■ INPUT MATERIAL
:::

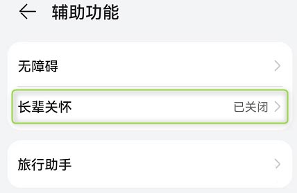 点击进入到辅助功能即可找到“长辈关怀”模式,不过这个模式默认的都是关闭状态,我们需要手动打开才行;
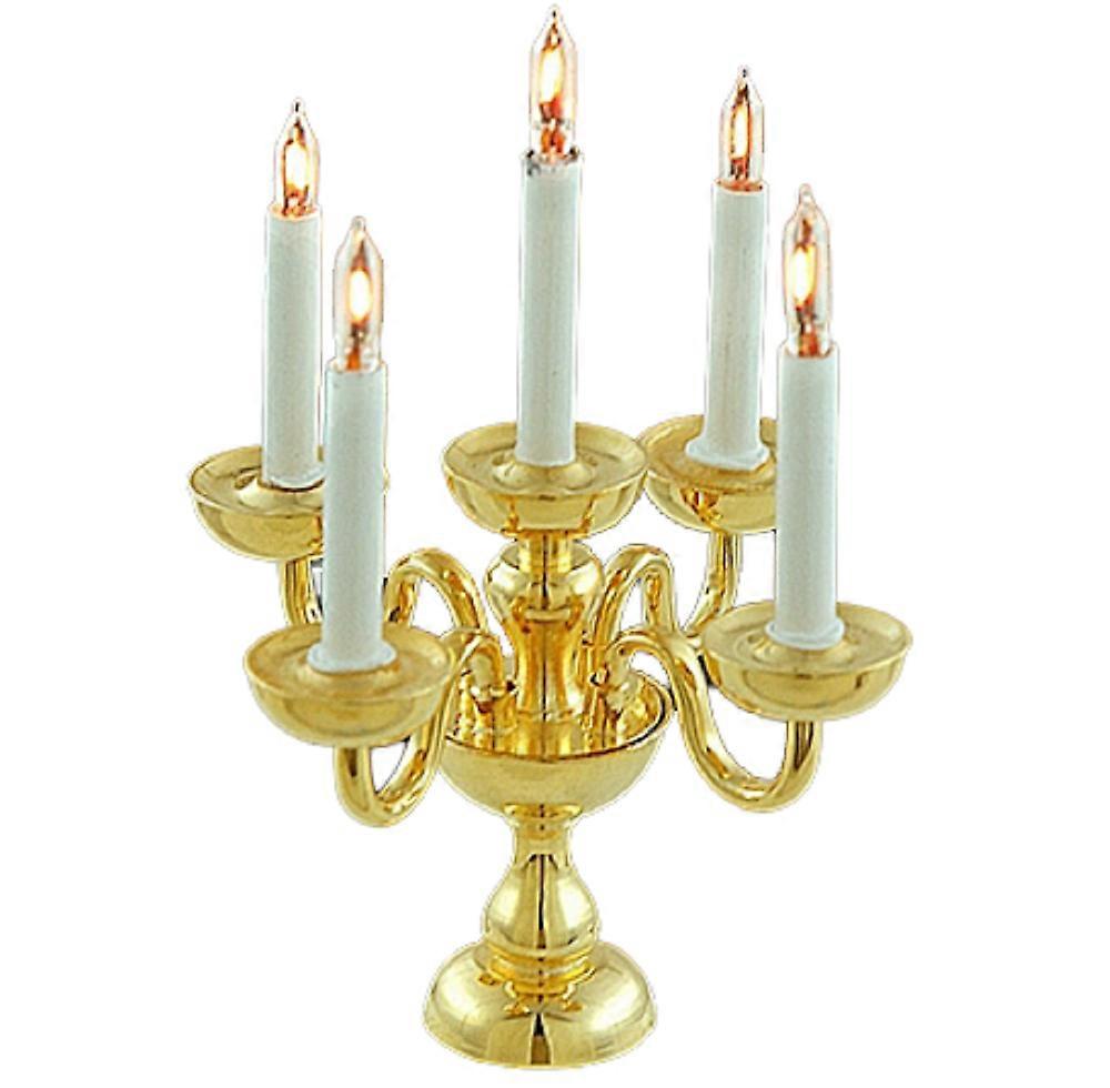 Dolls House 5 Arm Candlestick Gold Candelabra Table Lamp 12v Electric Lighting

:::

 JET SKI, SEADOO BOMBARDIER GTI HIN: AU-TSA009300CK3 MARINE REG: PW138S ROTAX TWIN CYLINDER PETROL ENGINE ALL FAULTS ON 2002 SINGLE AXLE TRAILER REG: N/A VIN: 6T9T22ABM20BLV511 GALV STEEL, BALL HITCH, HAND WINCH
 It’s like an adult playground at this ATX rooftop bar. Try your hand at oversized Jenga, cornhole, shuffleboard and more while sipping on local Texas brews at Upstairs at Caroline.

:::

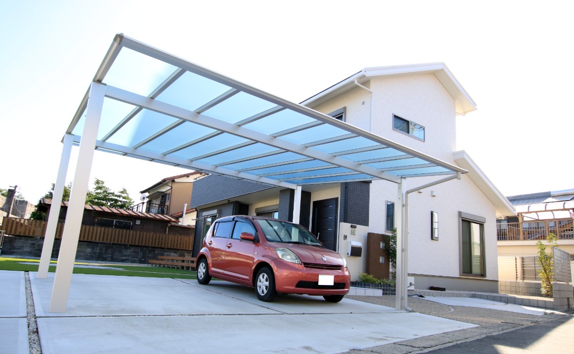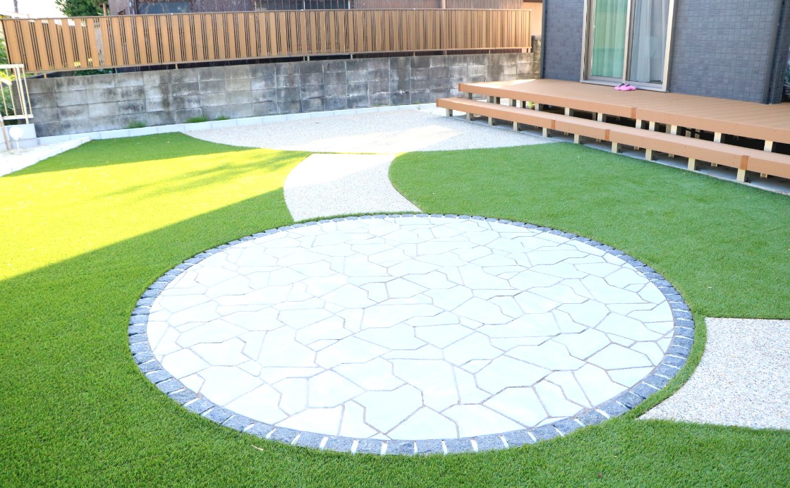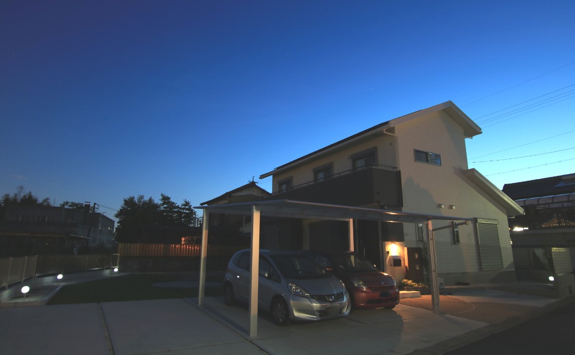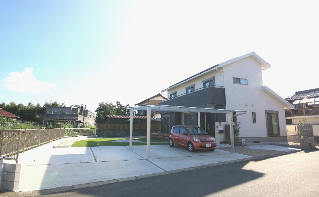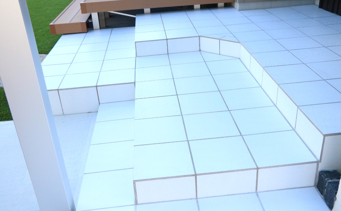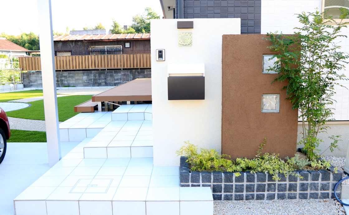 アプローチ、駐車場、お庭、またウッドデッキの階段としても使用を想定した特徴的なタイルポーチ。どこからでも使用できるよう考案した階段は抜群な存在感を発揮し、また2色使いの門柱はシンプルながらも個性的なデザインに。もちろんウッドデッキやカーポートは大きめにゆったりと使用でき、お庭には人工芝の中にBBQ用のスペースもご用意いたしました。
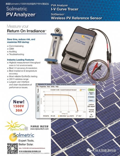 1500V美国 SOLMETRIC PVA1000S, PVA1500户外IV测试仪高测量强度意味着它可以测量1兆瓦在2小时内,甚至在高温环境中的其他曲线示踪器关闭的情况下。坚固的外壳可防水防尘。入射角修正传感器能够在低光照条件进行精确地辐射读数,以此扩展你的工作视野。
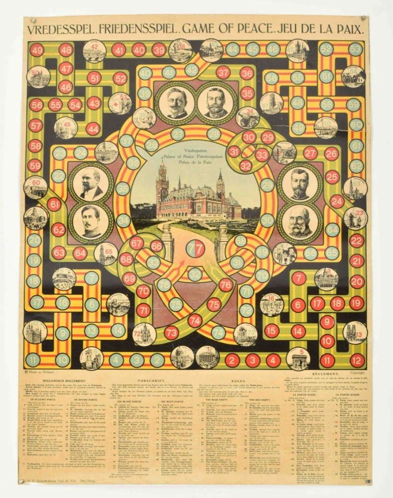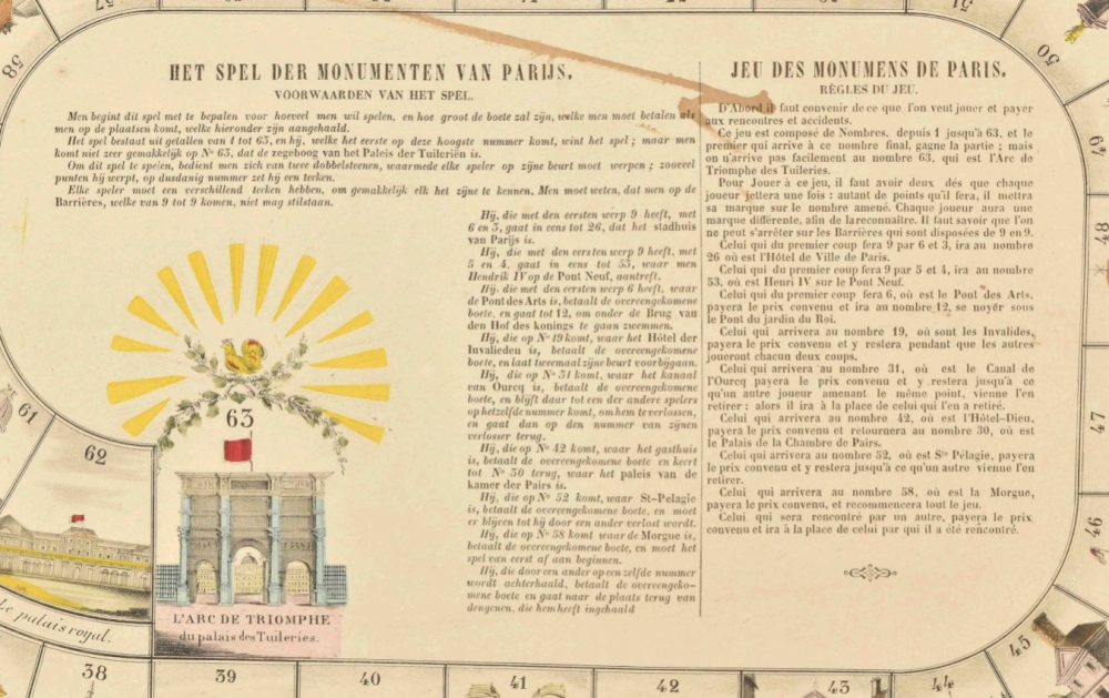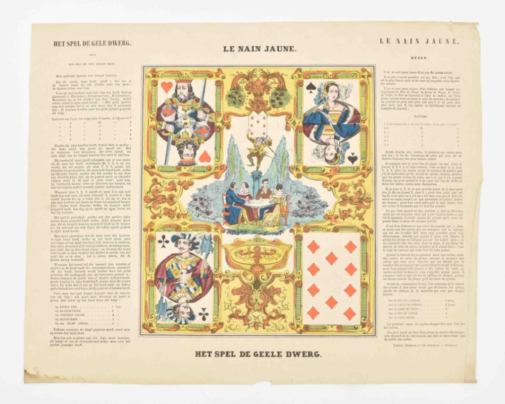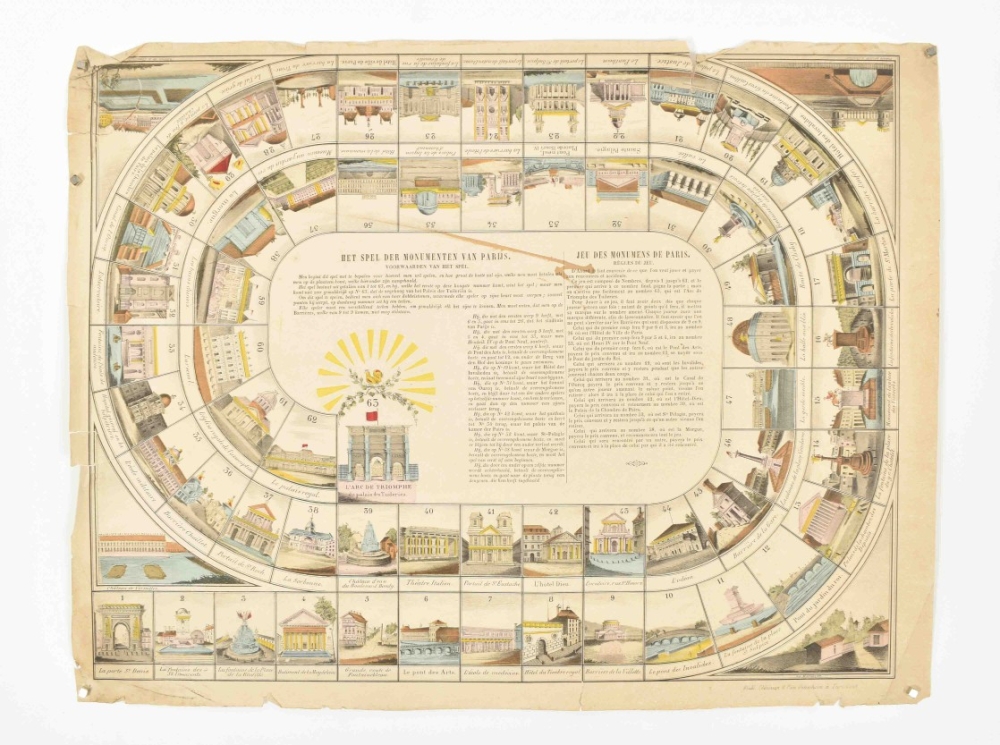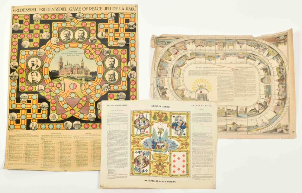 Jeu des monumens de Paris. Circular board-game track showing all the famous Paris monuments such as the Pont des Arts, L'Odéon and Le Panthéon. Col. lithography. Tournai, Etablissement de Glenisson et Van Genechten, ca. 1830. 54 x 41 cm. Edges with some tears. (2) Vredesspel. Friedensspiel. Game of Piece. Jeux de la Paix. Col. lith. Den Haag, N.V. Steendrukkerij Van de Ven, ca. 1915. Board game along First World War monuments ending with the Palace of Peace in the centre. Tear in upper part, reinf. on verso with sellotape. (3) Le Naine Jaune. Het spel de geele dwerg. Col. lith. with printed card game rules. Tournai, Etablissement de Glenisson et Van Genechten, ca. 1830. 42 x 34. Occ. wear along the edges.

:::

In the listing above, find the line containing "アプローチ、駐車場、お庭、ま" and the line containing "Jeu des monumens". Reproduce those lines and all between them exactly, with no pictures and nothing more.

■ SOLUTION TO THIS EXERCISE
 アプローチ、駐車場、お庭、またウッドデッキの階段としても使用を想定した特徴的なタイルポーチ。どこからでも使用できるよう考案した階段は抜群な存在感を発揮し、また2色使いの門柱はシンプルながらも個性的なデザインに。もちろんウッドデッキやカーポートは大きめにゆったりと使用でき、お庭には人工芝の中にBBQ用のスペースもご用意いたしました。
 1500V美国 SOLMETRIC PVA1000S, PVA1500户外IV测试仪高测量强度意味着它可以测量1兆瓦在2小时内,甚至在高温环境中的其他曲线示踪器关闭的情况下。坚固的外壳可防水防尘。入射角修正传感器能够在低光照条件进行精确地辐射读数,以此扩展你的工作视野。
 Jeu des monumens de Paris. Circular board-game track showing all the famous Paris monuments such as the Pont des Arts, L'Odéon and Le Panthéon. Col. lithography. Tournai, Etablissement de Glenisson et Van Genechten, ca. 1830. 54 x 41 cm. Edges with some tears. (2) Vredesspel. Friedensspiel. Game of Piece. Jeux de la Paix. Col. lith. Den Haag, N.V. Steendrukkerij Van de Ven, ca. 1915. Board game along First World War monuments ending with the Palace of Peace in the centre. Tear in upper part, reinf. on verso with sellotape. (3) Le Naine Jaune. Het spel de geele dwerg. Col. lith. with printed card game rules. Tournai, Etablissement de Glenisson et Van Genechten, ca. 1830. 42 x 34. Occ. wear along the edges.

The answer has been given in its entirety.